EXERCISE DESCRIPTION :: Your task is to repeat the entries word for word while leaving out the pictures.

Extracted records:
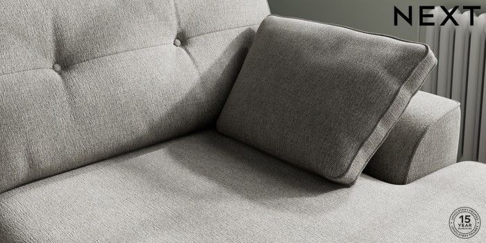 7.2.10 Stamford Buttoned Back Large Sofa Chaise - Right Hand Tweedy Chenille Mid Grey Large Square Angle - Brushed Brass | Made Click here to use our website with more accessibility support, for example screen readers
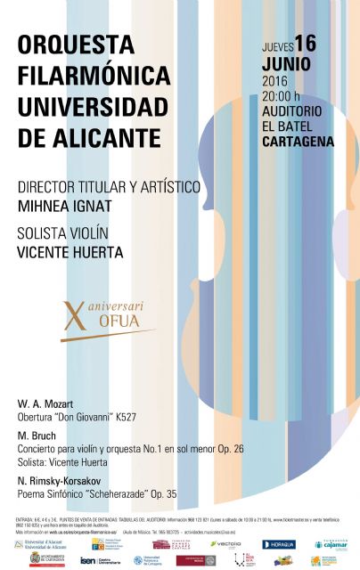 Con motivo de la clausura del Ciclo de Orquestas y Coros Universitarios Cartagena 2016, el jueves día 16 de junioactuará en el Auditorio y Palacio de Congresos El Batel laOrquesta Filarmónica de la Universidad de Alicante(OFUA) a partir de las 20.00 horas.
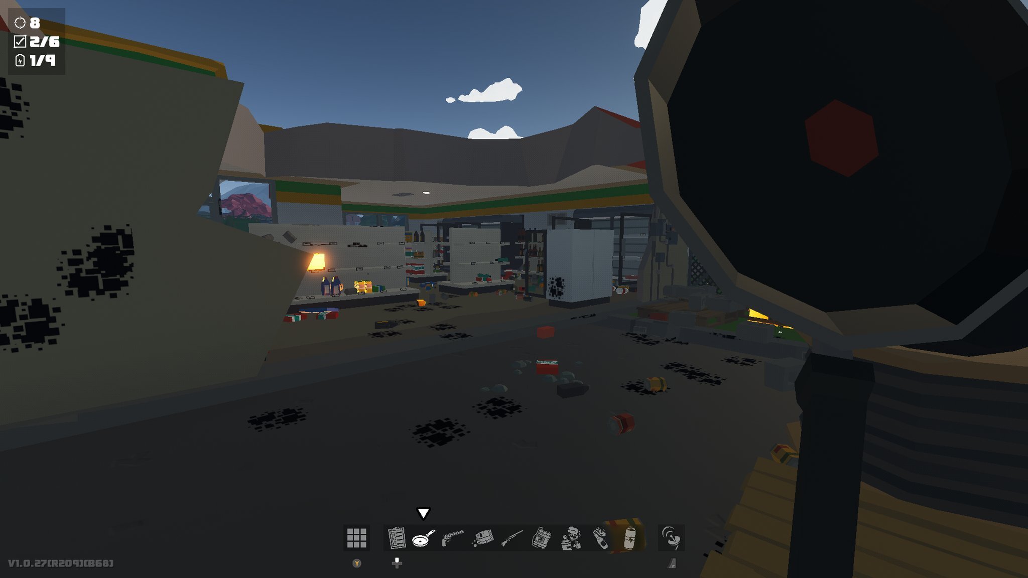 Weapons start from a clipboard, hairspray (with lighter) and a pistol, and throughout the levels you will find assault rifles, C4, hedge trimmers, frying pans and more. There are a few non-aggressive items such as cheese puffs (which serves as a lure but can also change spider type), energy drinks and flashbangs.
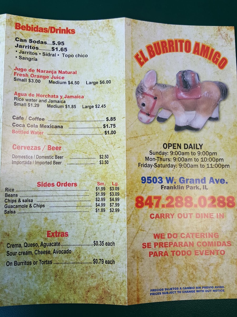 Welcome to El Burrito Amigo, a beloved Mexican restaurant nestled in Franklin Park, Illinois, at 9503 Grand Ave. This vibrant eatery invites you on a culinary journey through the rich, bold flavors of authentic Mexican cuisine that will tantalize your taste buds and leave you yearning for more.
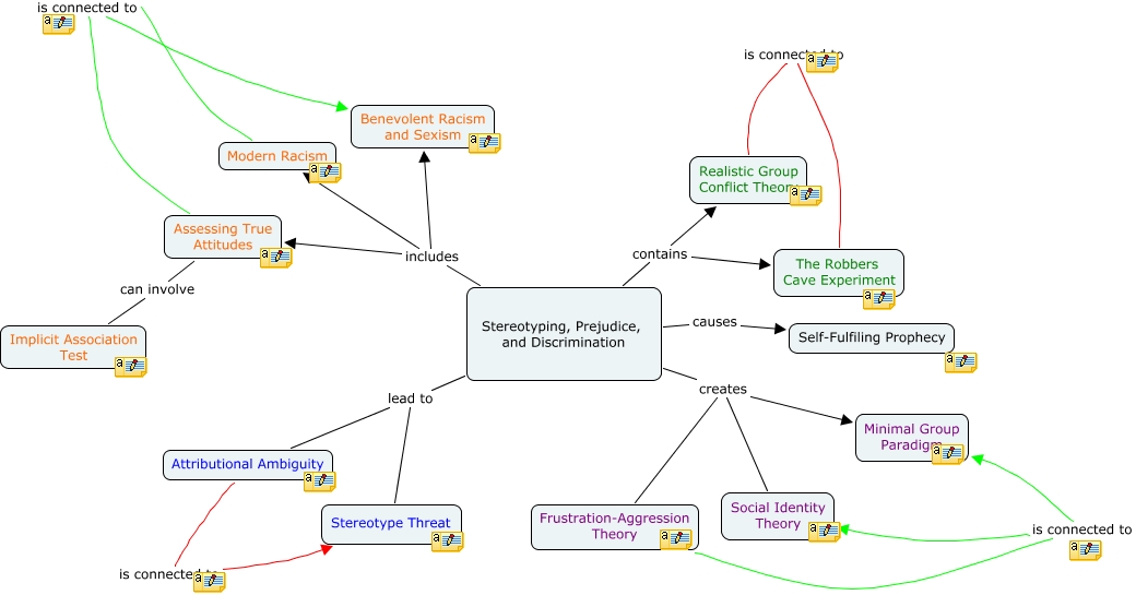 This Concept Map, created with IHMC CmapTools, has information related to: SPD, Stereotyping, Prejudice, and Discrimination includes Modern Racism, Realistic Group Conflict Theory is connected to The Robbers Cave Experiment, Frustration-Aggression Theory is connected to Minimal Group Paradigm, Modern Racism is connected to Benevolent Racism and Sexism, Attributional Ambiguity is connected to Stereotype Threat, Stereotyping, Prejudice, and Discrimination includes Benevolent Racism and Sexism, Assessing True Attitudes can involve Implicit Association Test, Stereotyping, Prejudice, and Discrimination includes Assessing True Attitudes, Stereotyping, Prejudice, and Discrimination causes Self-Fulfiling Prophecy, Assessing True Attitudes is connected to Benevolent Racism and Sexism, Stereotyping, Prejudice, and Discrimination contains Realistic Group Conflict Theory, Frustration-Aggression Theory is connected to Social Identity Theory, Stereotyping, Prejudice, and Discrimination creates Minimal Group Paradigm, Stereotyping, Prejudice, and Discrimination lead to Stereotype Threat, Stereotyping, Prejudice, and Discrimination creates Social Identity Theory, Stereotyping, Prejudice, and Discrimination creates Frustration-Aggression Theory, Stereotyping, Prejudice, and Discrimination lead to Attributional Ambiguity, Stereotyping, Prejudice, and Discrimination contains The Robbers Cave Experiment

ANSWER FOR THE TASK ::
 7.2.10 Stamford Buttoned Back Large Sofa Chaise - Right Hand Tweedy Chenille Mid Grey Large Square Angle - Brushed Brass | Made Click here to use our website with more accessibility support, for example screen readers
 Con motivo de la clausura del Ciclo de Orquestas y Coros Universitarios Cartagena 2016, el jueves día 16 de junioactuará en el Auditorio y Palacio de Congresos El Batel laOrquesta Filarmónica de la Universidad de Alicante(OFUA) a partir de las 20.00 horas.
 Weapons start from a clipboard, hairspray (with lighter) and a pistol, and throughout the levels you will find assault rifles, C4, hedge trimmers, frying pans and more. There are a few non-aggressive items such as cheese puffs (which serves as a lure but can also change spider type), energy drinks and flashbangs.
 Welcome to El Burrito Amigo, a beloved Mexican restaurant nestled in Franklin Park, Illinois, at 9503 Grand Ave. This vibrant eatery invites you on a culinary journey through the rich, bold flavors of authentic Mexican cuisine that will tantalize your taste buds and leave you yearning for more.
 This Concept Map, created with IHMC CmapTools, has information related to: SPD, Stereotyping, Prejudice, and Discrimination includes Modern Racism, Realistic Group Conflict Theory is connected to The Robbers Cave Experiment, Frustration-Aggression Theory is connected to Minimal Group Paradigm, Modern Racism is connected to Benevolent Racism and Sexism, Attributional Ambiguity is connected to Stereotype Threat, Stereotyping, Prejudice, and Discrimination includes Benevolent Racism and Sexism, Assessing True Attitudes can involve Implicit Association Test, Stereotyping, Prejudice, and Discrimination includes Assessing True Attitudes, Stereotyping, Prejudice, and Discrimination causes Self-Fulfiling Prophecy, Assessing True Attitudes is connected to Benevolent Racism and Sexism, Stereotyping, Prejudice, and Discrimination contains Realistic Group Conflict Theory, Frustration-Aggression Theory is connected to Social Identity Theory, Stereotyping, Prejudice, and Discrimination creates Minimal Group Paradigm, Stereotyping, Prejudice, and Discrimination lead to Stereotype Threat, Stereotyping, Prejudice, and Discrimination creates Social Identity Theory, Stereotyping, Prejudice, and Discrimination creates Frustration-Aggression Theory, Stereotyping, Prejudice, and Discrimination lead to Attributional Ambiguity, Stereotyping, Prejudice, and Discrimination contains The Robbers Cave Experiment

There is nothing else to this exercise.